● Task requirements
Your copy of the data should match it exactly, leaving out only the pictures.

Stored items:
═══
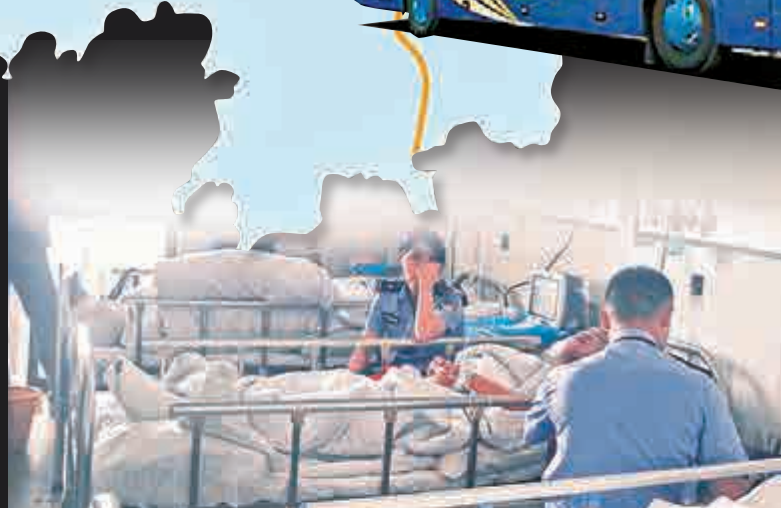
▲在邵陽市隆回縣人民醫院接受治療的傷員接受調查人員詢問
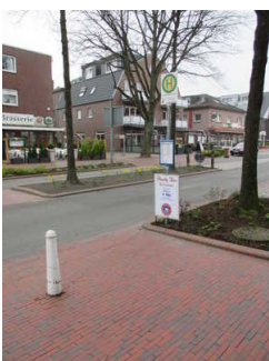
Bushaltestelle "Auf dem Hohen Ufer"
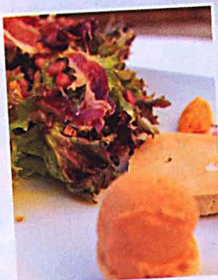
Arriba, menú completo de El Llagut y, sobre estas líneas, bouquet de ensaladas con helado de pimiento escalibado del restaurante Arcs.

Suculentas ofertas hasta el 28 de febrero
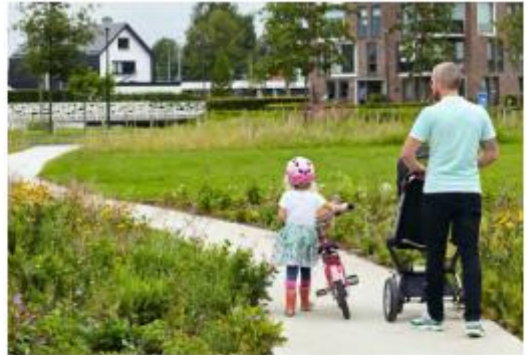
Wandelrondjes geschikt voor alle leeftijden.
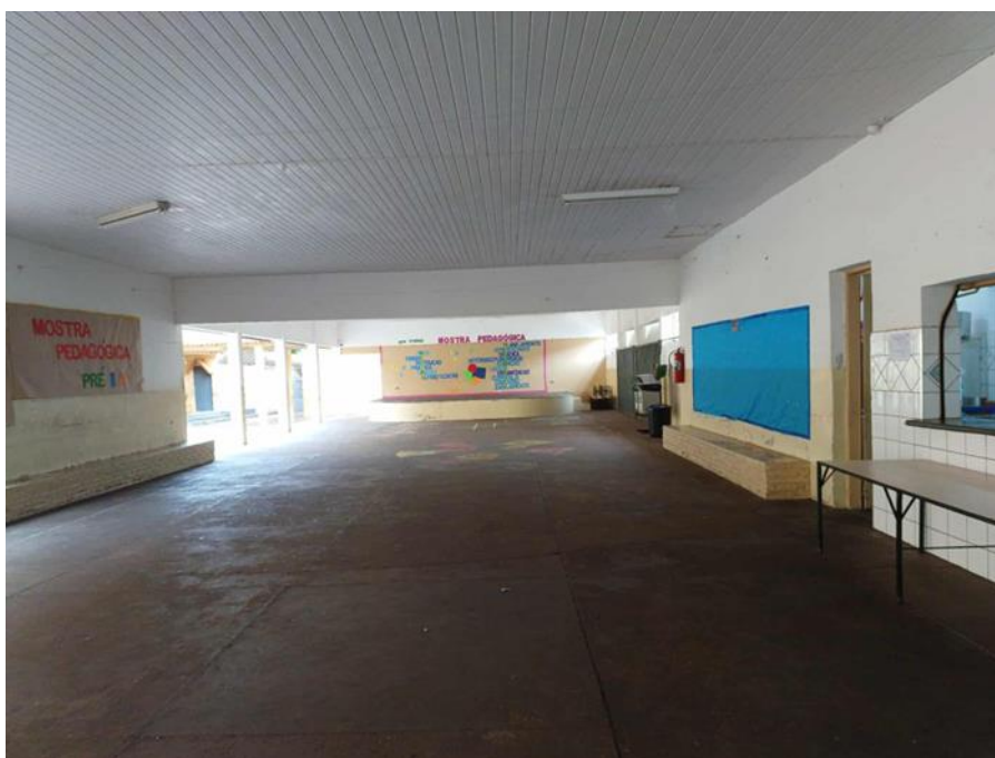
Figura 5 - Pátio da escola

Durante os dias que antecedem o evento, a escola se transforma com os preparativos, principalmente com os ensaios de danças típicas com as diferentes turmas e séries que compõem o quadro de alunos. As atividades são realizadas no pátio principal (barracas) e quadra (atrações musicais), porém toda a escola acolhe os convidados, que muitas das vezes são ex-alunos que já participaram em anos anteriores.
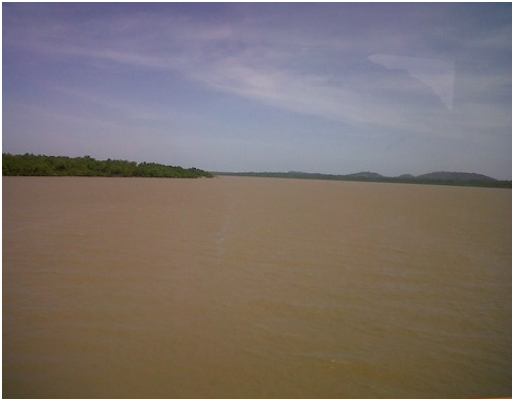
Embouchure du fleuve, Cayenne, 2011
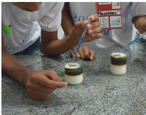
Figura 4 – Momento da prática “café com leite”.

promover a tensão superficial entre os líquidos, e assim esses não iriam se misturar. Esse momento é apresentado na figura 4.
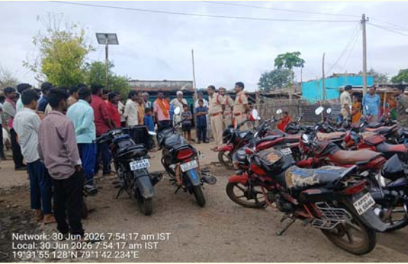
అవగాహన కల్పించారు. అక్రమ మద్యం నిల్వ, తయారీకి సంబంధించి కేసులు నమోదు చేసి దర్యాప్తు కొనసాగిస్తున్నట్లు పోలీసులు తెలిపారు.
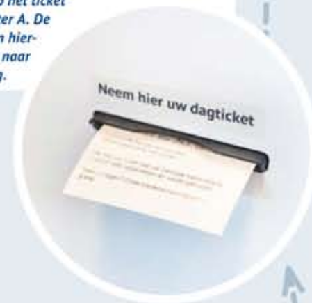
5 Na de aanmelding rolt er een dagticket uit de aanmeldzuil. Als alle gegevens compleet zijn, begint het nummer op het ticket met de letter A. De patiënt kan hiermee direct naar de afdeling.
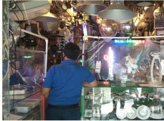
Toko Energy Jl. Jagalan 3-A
═══
● The answer
▲在邵陽市隆回縣人民醫院接受治療的傷員接受調查人員詢問
Bushaltestelle "Auf dem Hohen Ufer"
Arriba, menú completo de El Llagut y, sobre estas líneas, bouquet de ensaladas con helado de pimiento escalibado del restaurante Arcs.

Suculentas ofertas hasta el 28 de febrero
Wandelrondjes geschikt voor alle leeftijden.
Figura 5 - Pátio da escola

Durante os dias que antecedem o evento, a escola se transforma com os preparativos, principalmente com os ensaios de danças típicas com as diferentes turmas e séries que compõem o quadro de alunos. As atividades são realizadas no pátio principal (barracas) e quadra (atrações musicais), porém toda a escola acolhe os convidados, que muitas das vezes são ex-alunos que já participaram em anos anteriores.
Embouchure du fleuve, Cayenne, 2011
Figura 4 – Momento da prática “café com leite”.

promover a tensão superficial entre os líquidos, e assim esses não iriam se misturar. Esse momento é apresentado na figura 4.
అవగాహన కల్పించారు. అక్రమ మద్యం నిల్వ, తయారీకి సంబంధించి కేసులు నమోదు చేసి దర్యాప్తు కొనసాగిస్తున్నట్లు పోలీసులు తెలిపారు.
5 Na de aanmelding rolt er een dagticket uit de aanmeldzuil. Als alle gegevens compleet zijn, begint het nummer op het ticket met de letter A. De patiënt kan hiermee direct naar de afdeling.
Toko Energy Jl. Jagalan 3-A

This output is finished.